* Your assignment *
In the entries below, print exactly the lines from the first through the one with "The Evening Star", both included, and none of the pictures.
*** Opening Data for processing ***
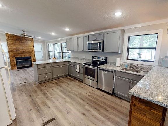 Relax on the patio or deck and watch the sun go down on the water in this quite cove on Lake Palestine. Newly remodeled and completely updated inside! This home has 3bd/2ba, walk-in closets in all rooms and large laundry room. Great kitchen with all new appliances and plenty of storage. Laminate wood floors; open concept with lots of windows overlooking the water. Home sits on 3 lots and one additional lot across the street for extra parking if needed. Greenhouse and storage bldg as well. Pier is in need of some work. Seller wiling to negotiate sale with all furnishings currently inside home.
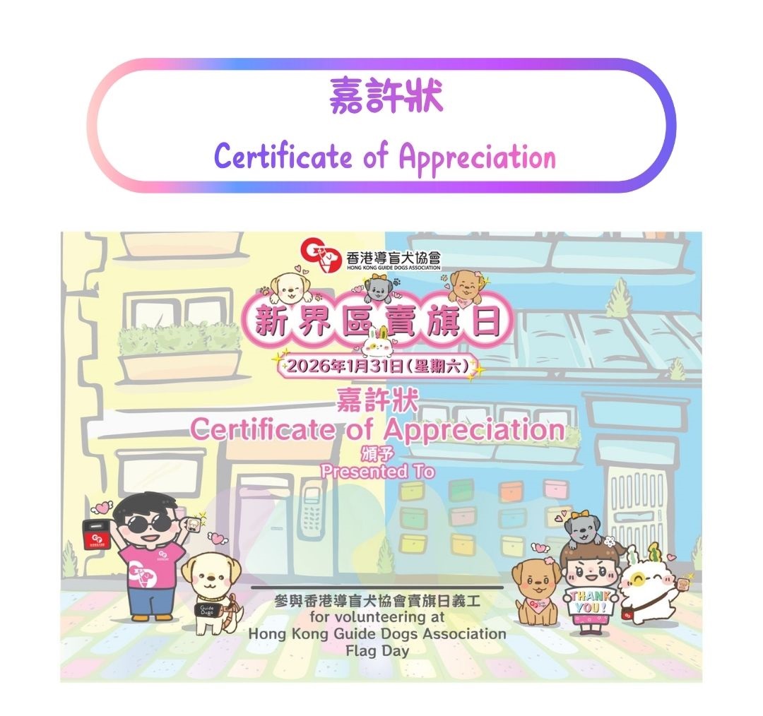 本會將致送電子義工嘉許狀給各完成賣旗活動之義工,以表謝意。
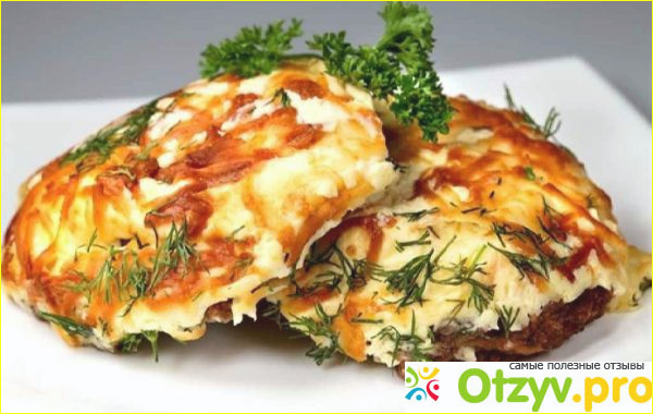 На противень выложить наши куски мяса, сверху равномерно распределить начинку и посыпать сыром. Запекать в духовке примерно 15-20 минут. При подаче на стол украсить резаным укропом. Для гарнира идеально подойдет картофельное пюре. Приятного аппетита!
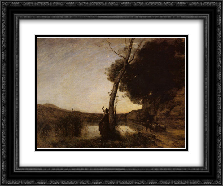 The Evening Star 24x20 Black Ornate Wood Framed Art Print Poster with Double Matting by Corot, Jean Baptiste Camille
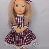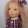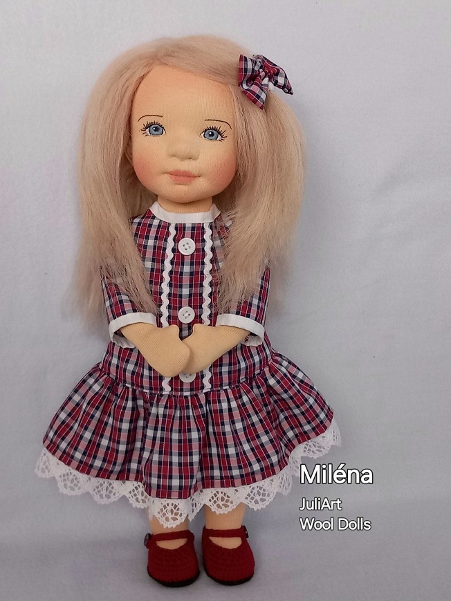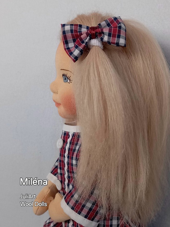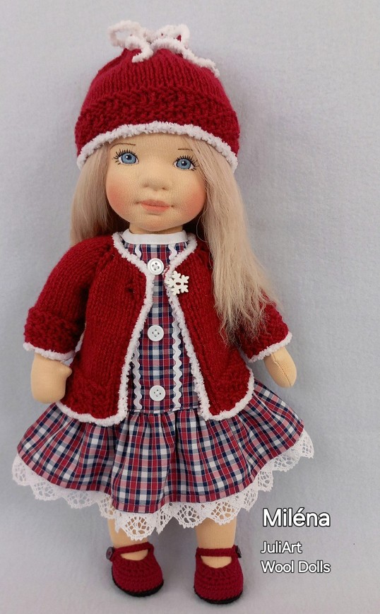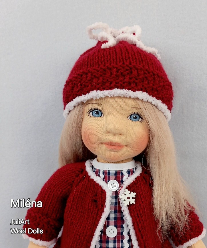 Miléna öltöztethető, fésülhető baba. Arcát-testét tűnemezeléssel formáztam, égszínkék szemeit kézzel hímeztem. Haja gyapjútincsekből készült, frizurázható, ritka fogú fésűvel fésülhető. Pamutvászon ruhácskával, masnis hajgumival, kötött kardigánnal és sapkával, horgolt pántos cipőcskével, érkezik. Plusz ruhát is kérhetsz hozzá a rendeléssel egyidőben vagy a későbbiekben bármikor.
*** Closing Data for processing ***
* Answer to this exercise *
 Relax on the patio or deck and watch the sun go down on the water in this quite cove on Lake Palestine. Newly remodeled and completely updated inside! This home has 3bd/2ba, walk-in closets in all rooms and large laundry room. Great kitchen with all new appliances and plenty of storage. Laminate wood floors; open concept with lots of windows overlooking the water. Home sits on 3 lots and one additional lot across the street for extra parking if needed. Greenhouse and storage bldg as well. Pier is in need of some work. Seller wiling to negotiate sale with all furnishings currently inside home.
 本會將致送電子義工嘉許狀給各完成賣旗活動之義工,以表謝意。
 На противень выложить наши куски мяса, сверху равномерно распределить начинку и посыпать сыром. Запекать в духовке примерно 15-20 минут. При подаче на стол украсить резаным укропом. Для гарнира идеально подойдет картофельное пюре. Приятного аппетита!
 The Evening Star 24x20 Black Ornate Wood Framed Art Print Poster with Double Matting by Corot, Jean Baptiste Camille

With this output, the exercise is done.